Blackmore didn’t speak for several seconds. Finally, “Nothing.”
“Bullshit,” Duncomb said. “What did you tell him?”
“Nothing. I didn’t tell him a thing,” the professor lied, struggling to compose himself. “But he had questions about you.”
“Like what?”
“This isn’t something I should talk about on the phone.”
“Jesus, you accuse me of killing Miriam, but suddenly you can’t discuss stuff on the phone.”
“It’s complicated,” Blackmore said. “Where are you?”
“I went to the bank. I’m downtown, on Claymore. I can meet you.”

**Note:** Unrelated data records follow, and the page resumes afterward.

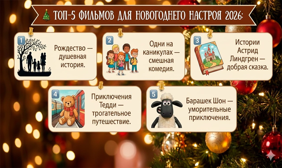 : 1️⃣ Рождество — душевная история. 2️⃣ Одни на каникулах — смешная комедия. 3️⃣ Истории Астрид Линдгрен — добрая сказка. 4️⃣ Приключения Тедди — трогательное путешествие. 5️⃣ Барашек Шон — уморительные приключения. Создайте своё волшебство! ✨ #новыйгод2026 #фильмы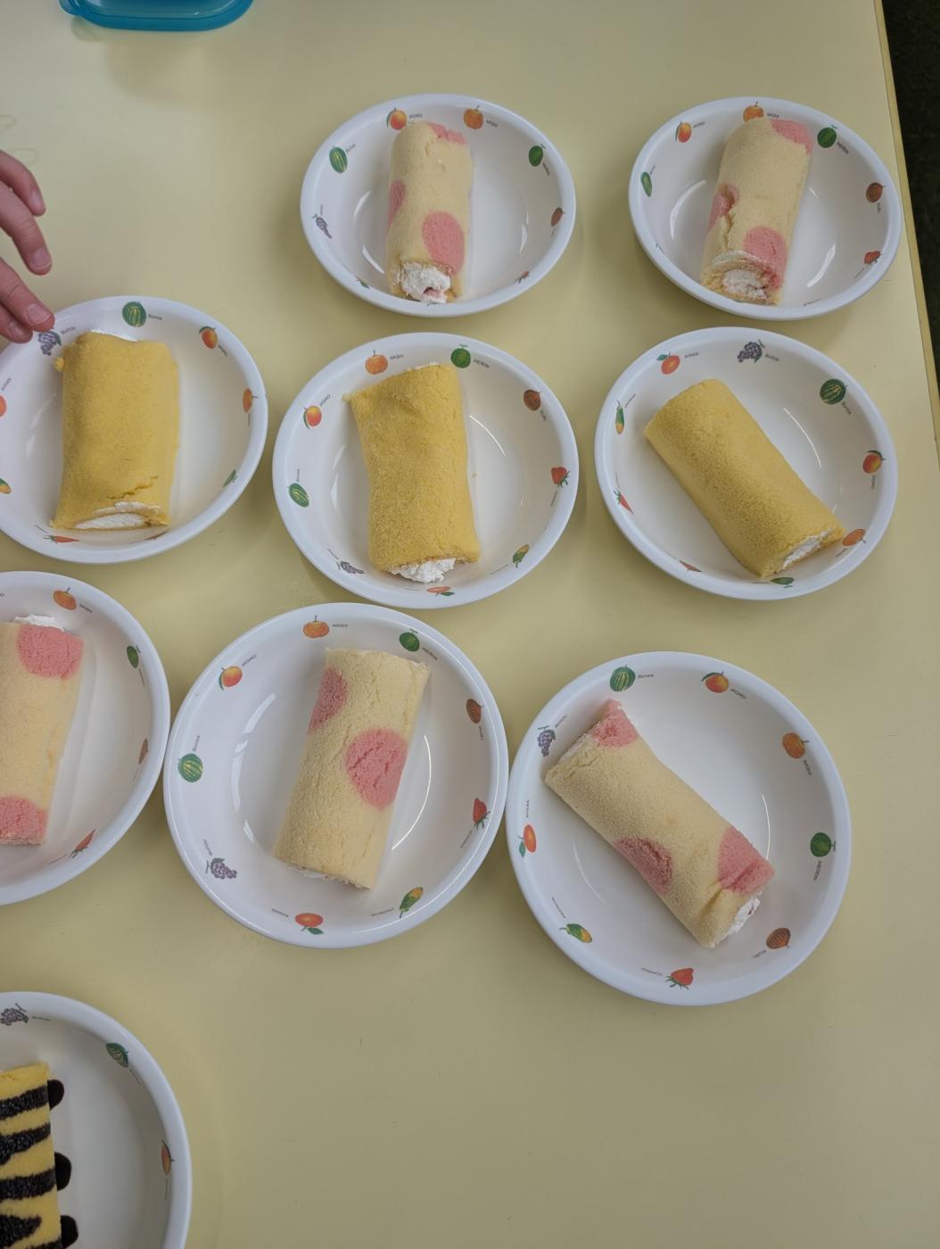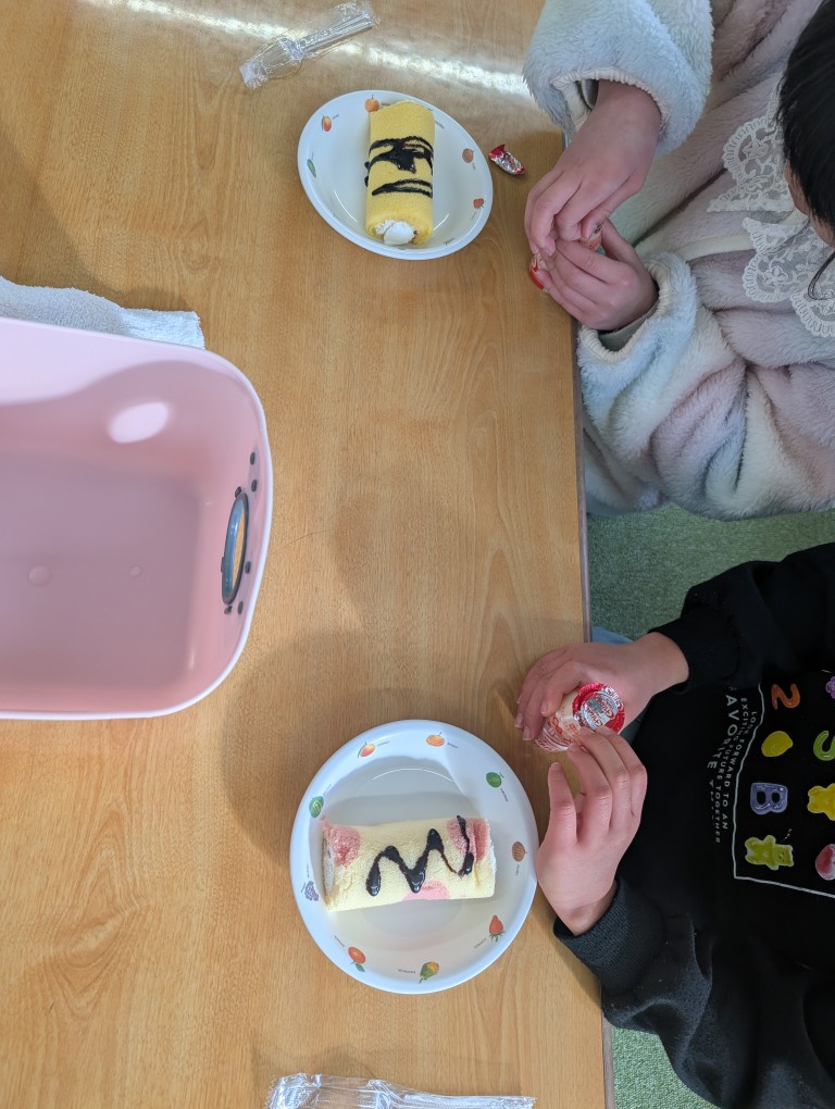 児童クラブの今日のおやつは恵方巻ならぬ「ロールちゃん」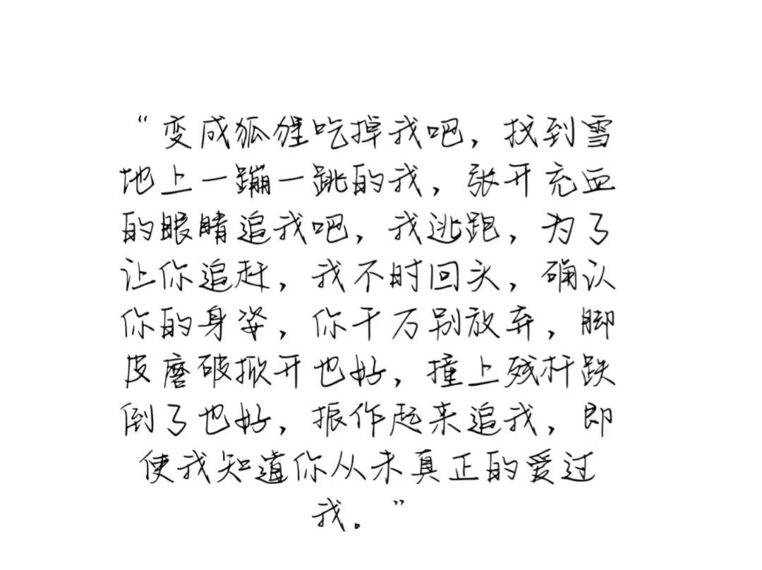 兔,是完全为叶梓存在的。他曾经朗诵的那首诗,他说“因一个名字的力量,我重获新生,我生而为认识你,喊出你的名字”,他就是这样,他的世界里只有叶梓。他的爱是最为纯粹、理想的。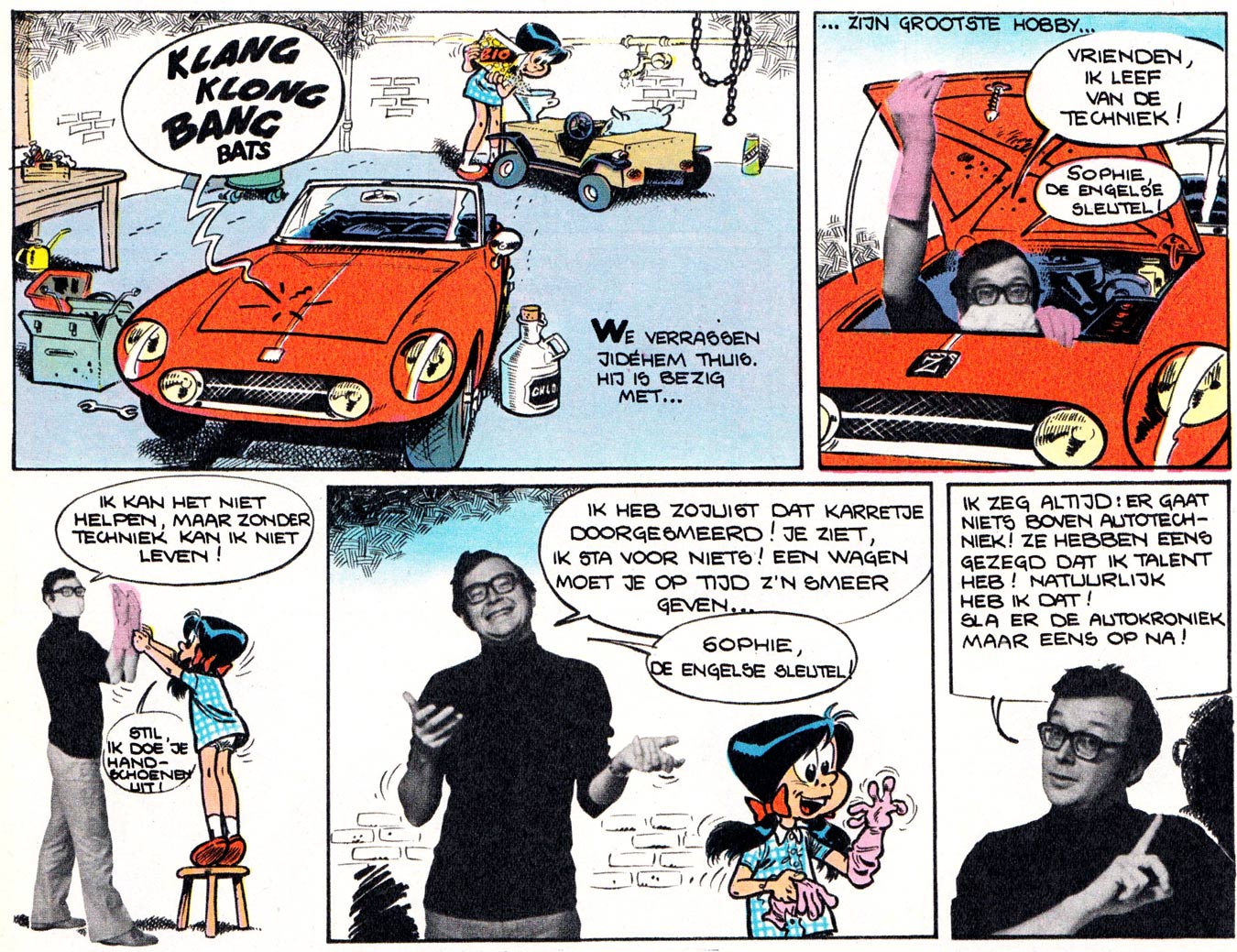 Jidéhem performing with Sophie in the photocomic 'Carrosseries en vrac' (Robbedoes/Spirou #1724, 29 April 1971).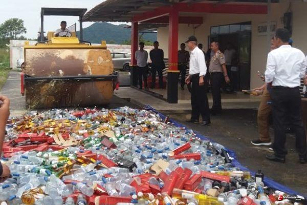 "Pemusnahan mnuman keras dan knalpot racing ini sudah yang kesekian kalinya kami lakukan, dan ini akan kami lakukan terus menerus," katanya.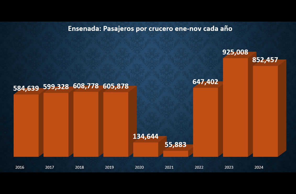 TIJUANA BC 28 DE ENERO DE 2025 (AFN).- Los pasajeros por cruceros hacia Ensenada documentaron una contracción del 7.8% a tasa anual entre enero y noviembre de 2024 en comparación al mismo lapso, pero del año inmediato anterior, de acuerdo con las cifras de Datatur de la Secretaría de Turismo federal.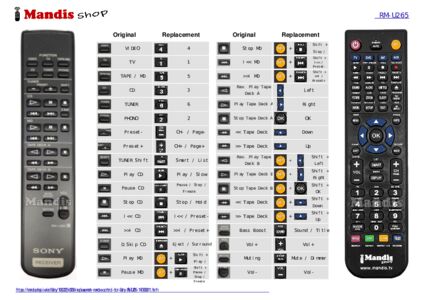 • SHIFT key: Some buttons on the replacement remote control require pressing the SHIFT key before pressing another button to perform certain functions. If a button on the original remote control requires the SHIFT key, it will be indicated in the image.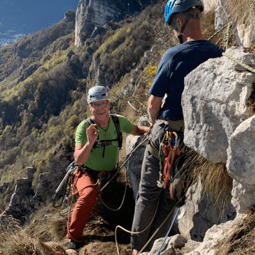 Sì, forse durante le nostre avventure siamo soli con noi stessi, mentre ci troviamo faccia a faccia con la parete o nei lunghi secondi in cui attrezziamo una sosta o fissiamo un chiodo. Ma soddisfazioni, sensazioni ed emozioni alla fine le condividiamo sempre volentieri, con le persone a cui vogliamo bene o che semplicemente possono comprendere cosa significa stare tra la terra e il cielo, e sentirsi bene.

“Just stay there. Be out front. I’ll pick you up.”
“Where are you?”
“I’m five minutes away, if that. I’ll tell you everything when I see you.” Blackmore ended the call, tossed the phone onto the seat next to him, cranked the wheel hard, and pulled a U-turn, nearly cutting off a Finley Springs truck.
When he was getting back on his feet, and touching his hand to the back of his head, Duckworth had noticed Blackmore’s car making a right turn before it had disappeared from view.
Once he’d hung up on Rhonda Finderman — a move Duckworth predicted would see him, instead of Carlson, writing parking tickets until the end of time — and dropped in behind the wheel, he took off in the same direction, but there was no sign of Blackmore on the street he’d turned down.
Duckworth’s foot was heavy on the accelerator. At each cross street, he glanced quickly in both directions. He hoped, now that all Promise Falls cruisers had been alerted, someone would spot the professor’s car.
Where would the man go? Duckworth wondered. Home? Back to the college? Those would be the first two places the police would look for him.